▶ _Available data_
---*---

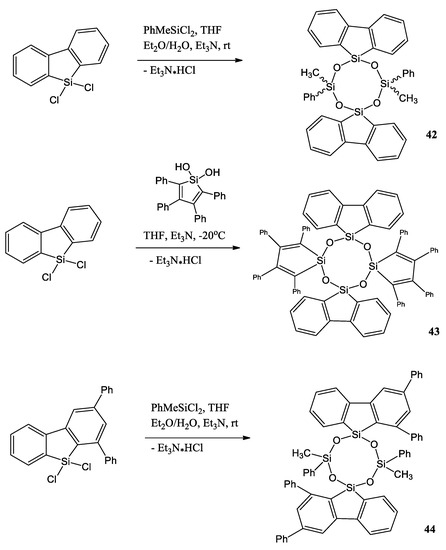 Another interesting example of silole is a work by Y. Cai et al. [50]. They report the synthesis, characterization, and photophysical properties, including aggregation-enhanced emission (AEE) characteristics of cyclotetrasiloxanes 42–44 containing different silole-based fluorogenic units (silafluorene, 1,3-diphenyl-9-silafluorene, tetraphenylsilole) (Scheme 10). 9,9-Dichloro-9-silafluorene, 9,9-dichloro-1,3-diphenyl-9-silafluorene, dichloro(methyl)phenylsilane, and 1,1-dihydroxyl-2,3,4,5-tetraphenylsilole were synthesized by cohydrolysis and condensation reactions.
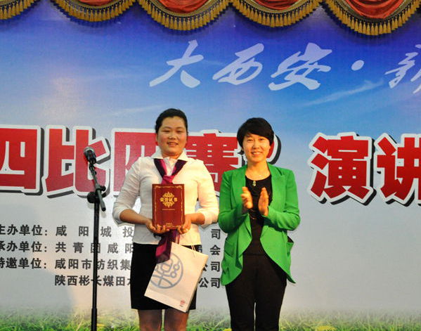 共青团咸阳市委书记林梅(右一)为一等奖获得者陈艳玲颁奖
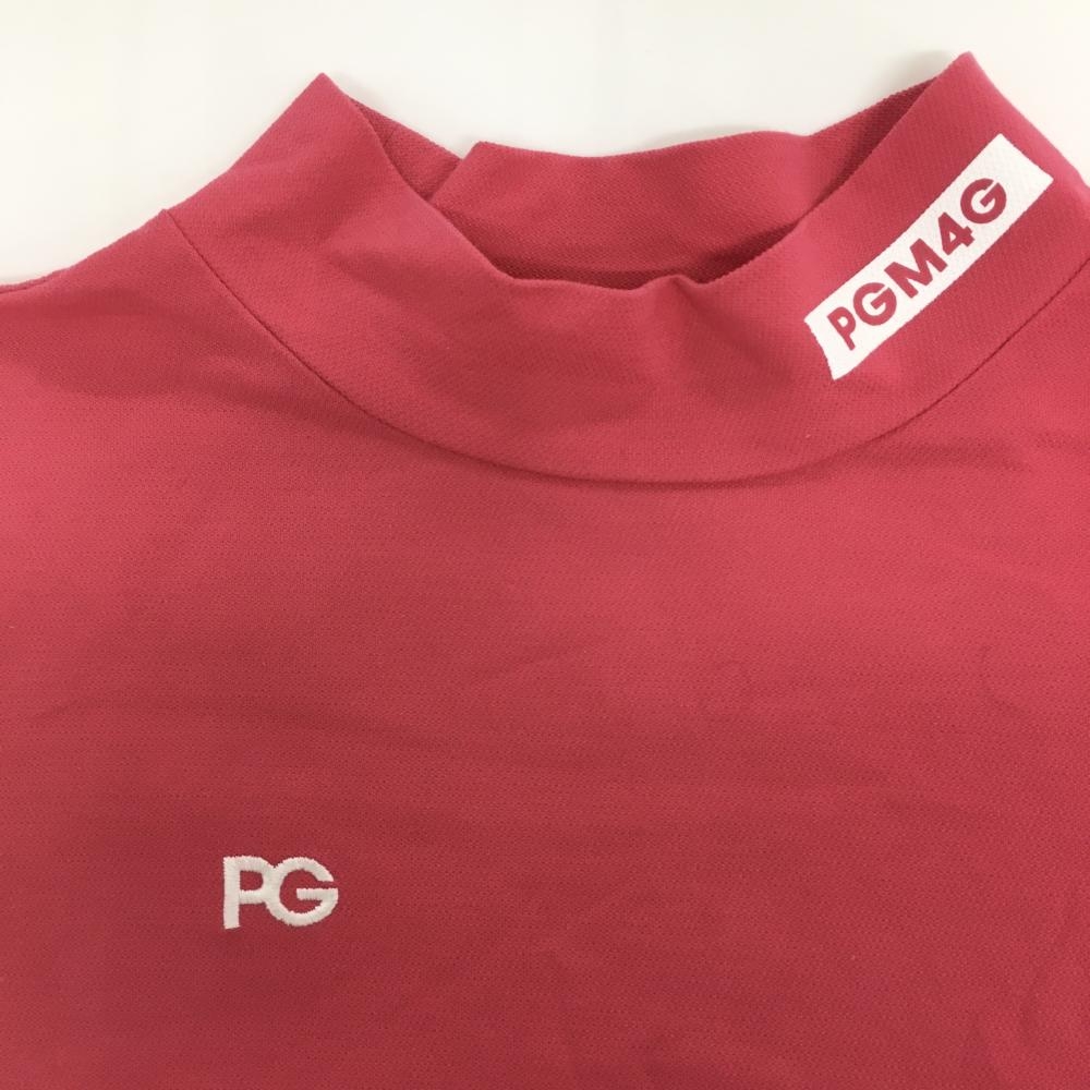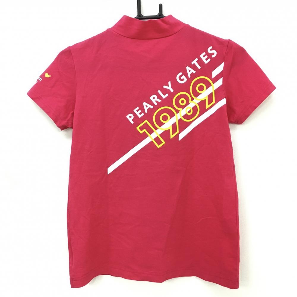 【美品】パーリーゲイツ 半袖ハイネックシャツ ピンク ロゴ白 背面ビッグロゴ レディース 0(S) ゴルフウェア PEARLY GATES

---*---

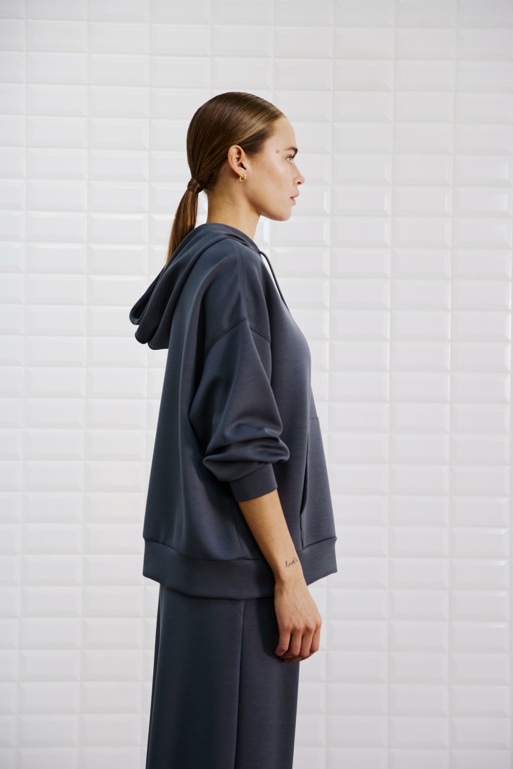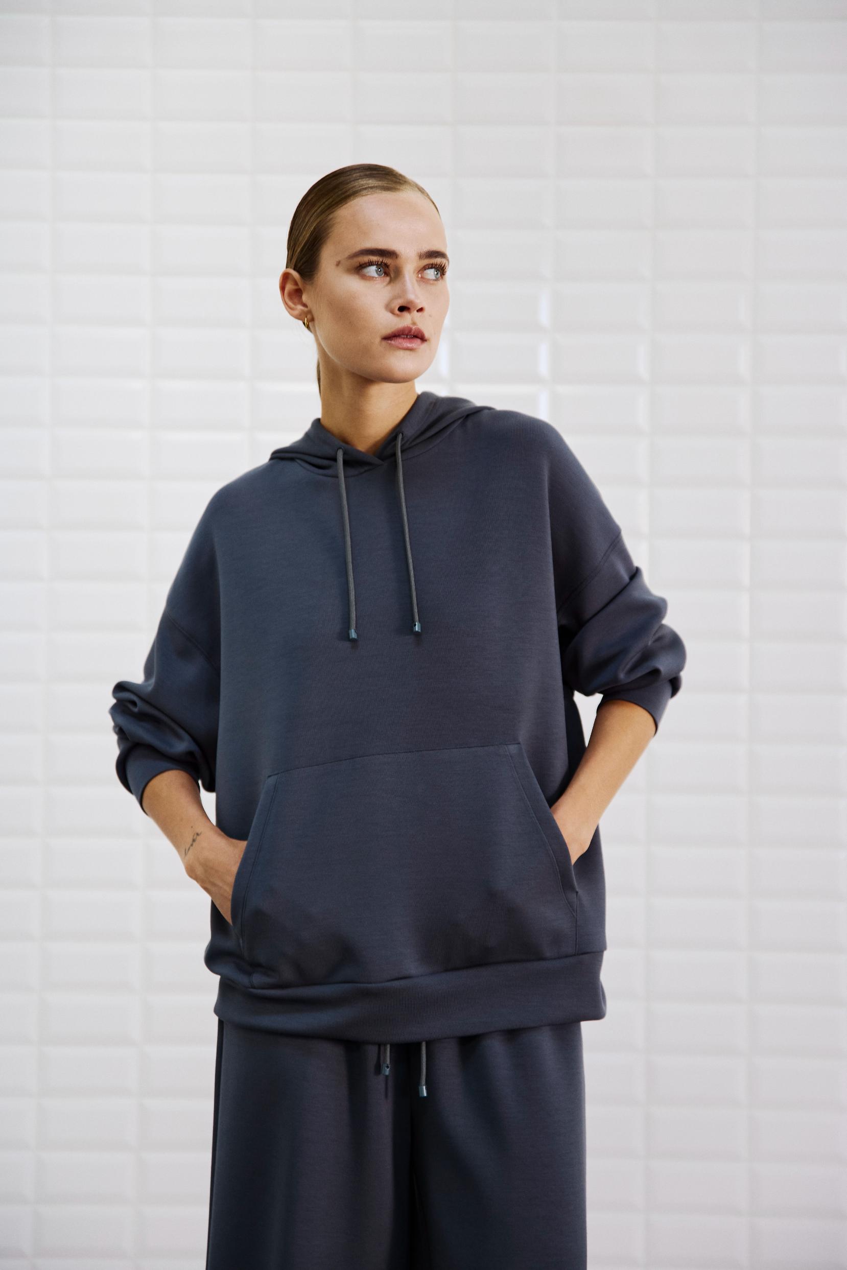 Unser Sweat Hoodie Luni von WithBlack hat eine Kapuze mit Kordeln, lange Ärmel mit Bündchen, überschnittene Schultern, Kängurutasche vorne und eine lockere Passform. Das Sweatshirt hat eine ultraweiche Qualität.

---*---

▶ _What the task asks_
An exact copy is needed of the entries above, starting at the line that holds "共青团咸阳市委书记林梅(右一)为一等奖获得者陈艳玲颁奖" and stopping at the line that holds "ゴルフウェア PEARLY GATES", both kept; pictures stay out.

▶ _Answer for this exercise_
 共青团咸阳市委书记林梅(右一)为一等奖获得者陈艳玲颁奖
 【美品】パーリーゲイツ 半袖ハイネックシャツ ピンク ロゴ白 背面ビッグロゴ レディース 0(S) ゴルフウェア PEARLY GATES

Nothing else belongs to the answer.